Environmental groups have been poring over the Navy’s newest plan here.
“We still remain quite worried about effects on a number of populations,” said Michael Jasny, of the Natural Resources Defense Council, the organization leading much of the litigation.
Following high-profile mass strandings, scientists’ understanding of marine creatures’ sensitivity to sound has improved. The science, some of it funded by the Navy itself, has rapidly progressed over the last decade, Calambokidis said.
“Now, the evidence is so overwhelming, there’s no one who really questions those stranding events were linked to the Navy sonar,” he said, referring to multiple mass strandings of beaked whales.
Hearing ability differs among marine mammal species.
Southall said researchers have measured some species’ sensitivity by performing laboratory testing on captive animals. He compared the tests to hearing screeners, in which young children raise their hands when they hear certain tones. Similarly, the scientists measure when creatures acknowledge certain frequencies of sound.
New technology has aided field research. Calambokidis now uses high-tech tags, attached “to the whales with suction cups” that feature sensors like 3D-accelerometers, gyroscopes, depth sensors and hydrophones.
Hydrophones measure “exactly what level of sound” whales are exposed to while other sensors capture reaction data. The tags can remain on whales’ bodies for hours or even days.

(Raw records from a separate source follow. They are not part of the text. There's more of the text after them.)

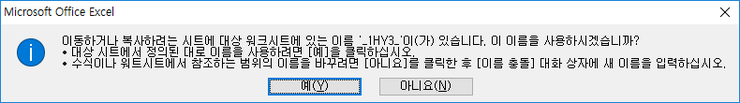 이동하거나 복사하려는 시트에 대상 워크시트에 있는 이름 ‘OOOO’이(가) 있습니다. 이 이름을 사용하시겠습니까? |
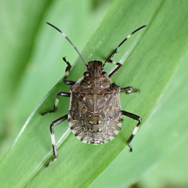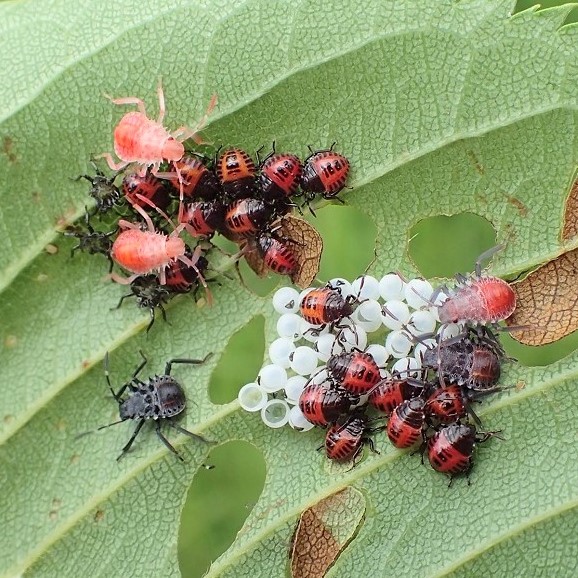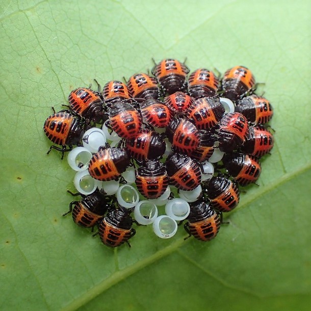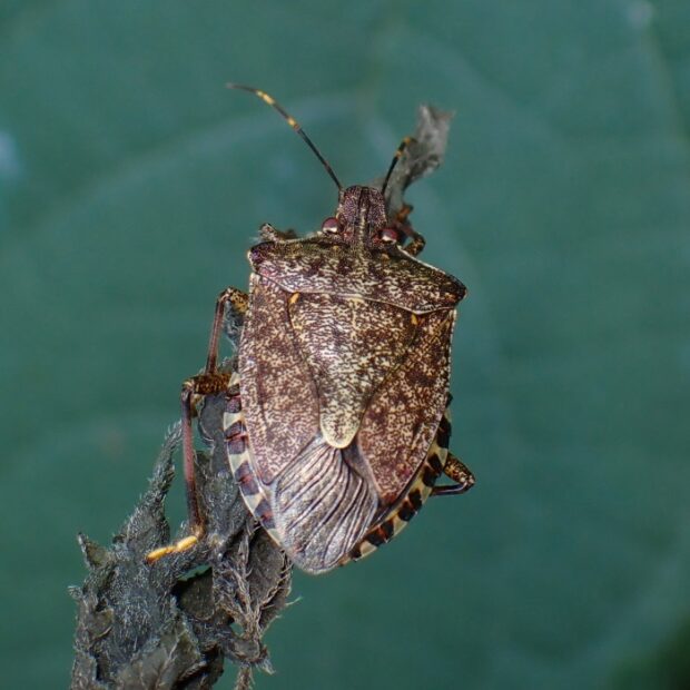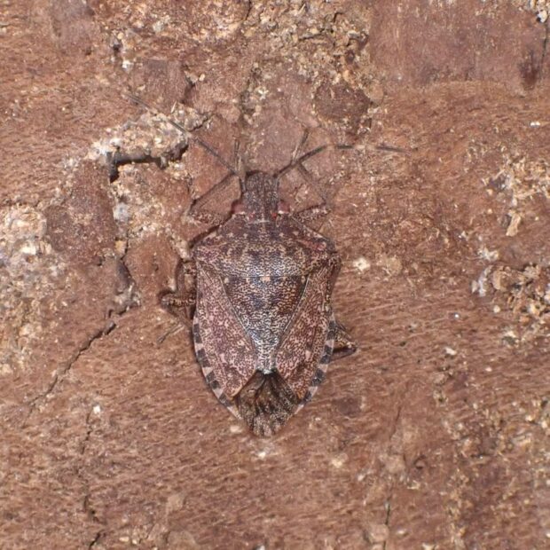 暗褐色の地に点々がたくさんある臭いカメムシで、 普通に見られます。 樹皮の下などで成虫で越冬しますが、 山間部では集団で家に入って来ることがあります。 マメ類、 果実など、 いろいろな植物の汁を吸います。
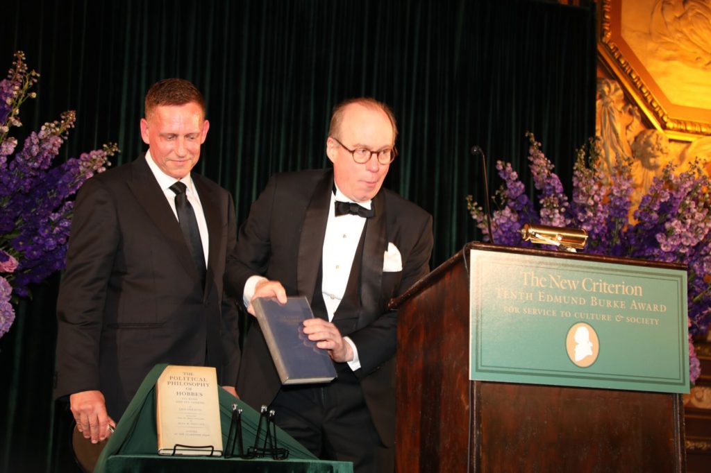 New Criterion’s editor and publisher Roger Kimball, presented Thiel with its Edmund Burke Award, citing the stipends he gives for college students to leave school and work at improving society.
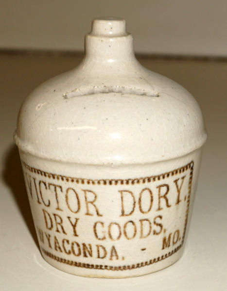 3.75" tall, bottom marked Macomb Pottery; **Updated**hairline crack on the coin slot
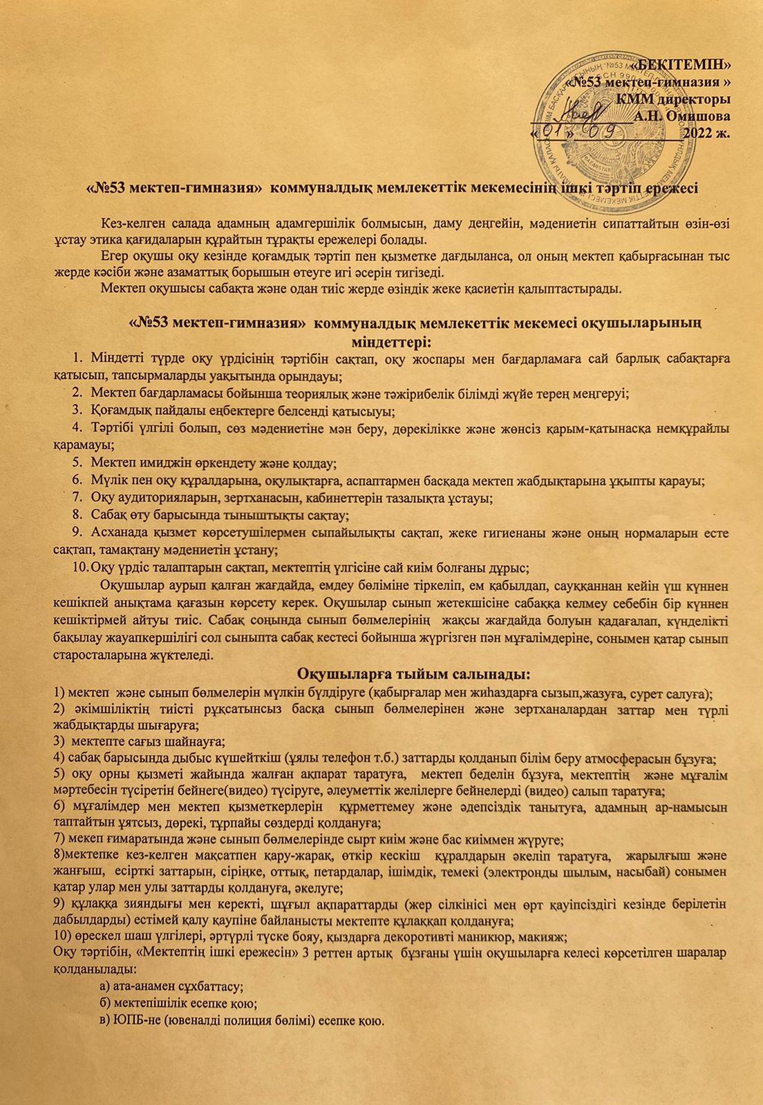 » "Ішкі тәртіп ережесі және оқушылар міндеттері"

Reactions vary. Deep-diving beaked whales are particularly sensitive to sonar, Calambokidis said. In one study, tagged Cuvier’s beaked whales were shown to “respond very dramatically” when a recording of naval sonar was played, he said. Whales swam quickly away from the sound source, extended dives deeper and stopped food foraging.
In a similar study, blue and fin whales avoided the sound and stopped feeding, Calambokidis said, but their reactions were less dramatic and more variable. Blue whales were more sensitive to simulated sonar sound when feeding at a deeper depth than at the surface.
Navy mitigates, but concerns persist
The Navy tries to avoid marine mammals when firing weapons, testing torpedoes or using active sonar.
Before using active sonar, sailors listen for whales with passive sonar equipment, Mosher said. On-deck lookouts are trained to spot marine creatures before explosives or sonar are deployed. If a marine animal is spotted within ranges that could cause harm, sonar systems must be powered down, he said.
The service is required to report to NMFS all ship strikes or instances when a marine mammal is killed or injured after Navy exercises. During a Navy operation in 2016, a Coast Guard vessel struck a humpback whale, but there have not been other incidents to report, Mosher said.
The new Navy models don’t predict any marine mammal deaths from sonar or explosives. Jasny contends that “begs credulity.”
“Some of the most vulnerable species, like beaked whales, are nearly impossible for trained observers, trained biologists, to detect,” he said, noting that high-intensity sonar travels farther than lookouts can see. The Navy does not explicitly restrict its activities during low-visibility sea conditions or at night, he said. (Mosher said the Navy requires clear visibility for weapons training and rarely uses sonar after dark).
Jasny added it’s “just not sustainable” that nearly one of 10 inland Washington harbor porpoises would suffer permanent hearing loss, according to the Navy’s own seven-year estimates.
He also questioned the Navy’s proposed handling of southern resident killer whales, a population scientists say is nearing collapse.
Mosher said the service’s environmental managers track the southern residents to ensure sonar is not used in their vicinity, as it was in 2003.
Jasny called for an outright ban on sonar when the southern residents are in the Salish Sea, saying they “can’t stand any more disturbance.”